About a dozen Simon supporters told me later that he has been steadily
improving on the stump and they expect him to get better.
He also managed
to package the idea of a "California dream" to which many
Californians still cling in an essentially conservative, but broader
and more inclusive rhetoric. Ronald Reagan was able to do that too.
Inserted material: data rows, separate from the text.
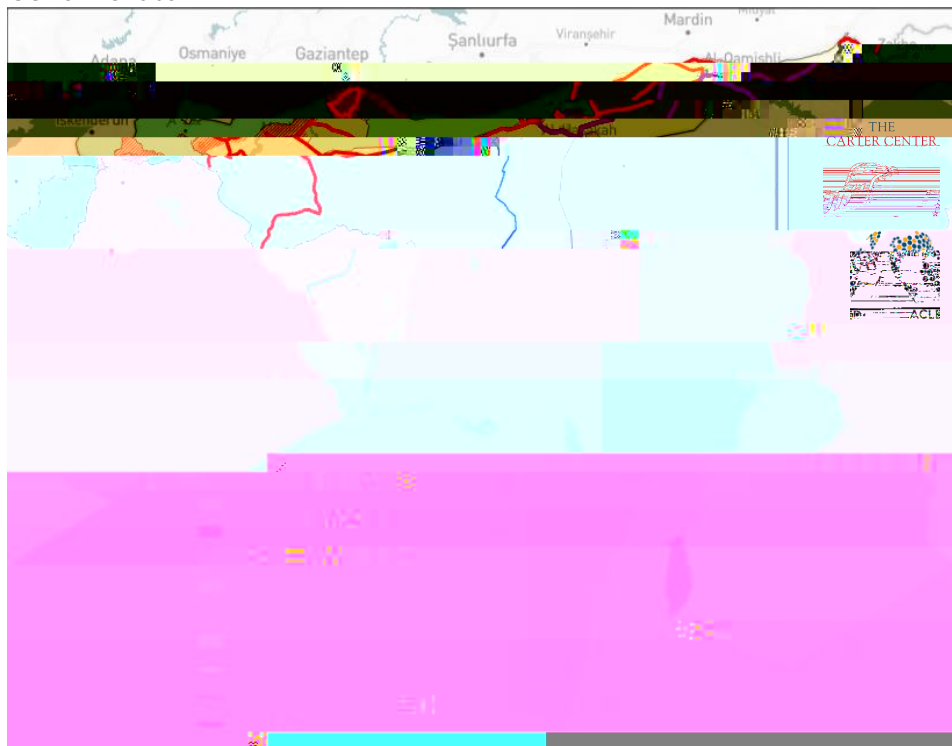
Figure 1: Dominant actors' area of control and influence in Syria as of 28 March 2021.-NSOAG stands for Non-state Organized Armed Groups. Also, please see footnote 1.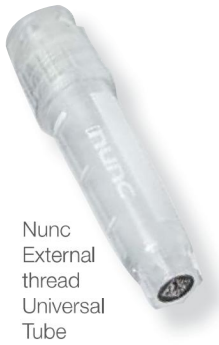
Nunc External thread Universal Tube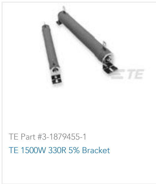
TE Part #3-1879455-1 TE 1500W 330R 5% Bracket

Simon's formulation wasn't bad:
The idea
that here in the Golden State, if you work hard and live by the
rules, your hopes and dreams can come true. You can climb as high
and go just as far as your God-given talents will take you. It
is the idea of freedom and boundless opportunity, guided by a
strong sense of community, service, kindness, and generosity of
spirit. This idea is our California dream.
Of course,
it's too early to tell if that kind of campaigning will resonate
beyond the Republican primary electorate. But we may be seeing the
emergence of a major political figure here.
It won't be
easy. Gray Davis has a war chest of about $30 million, and can raise
much more. The buzz is that he'll spend some right away, in an attempt
to define Bill Simon as an out-of-touch extremist, before Simon
can define himself to the broad electorate. On election night, Davis
described Simon as a "true-blue conservative think-tanker"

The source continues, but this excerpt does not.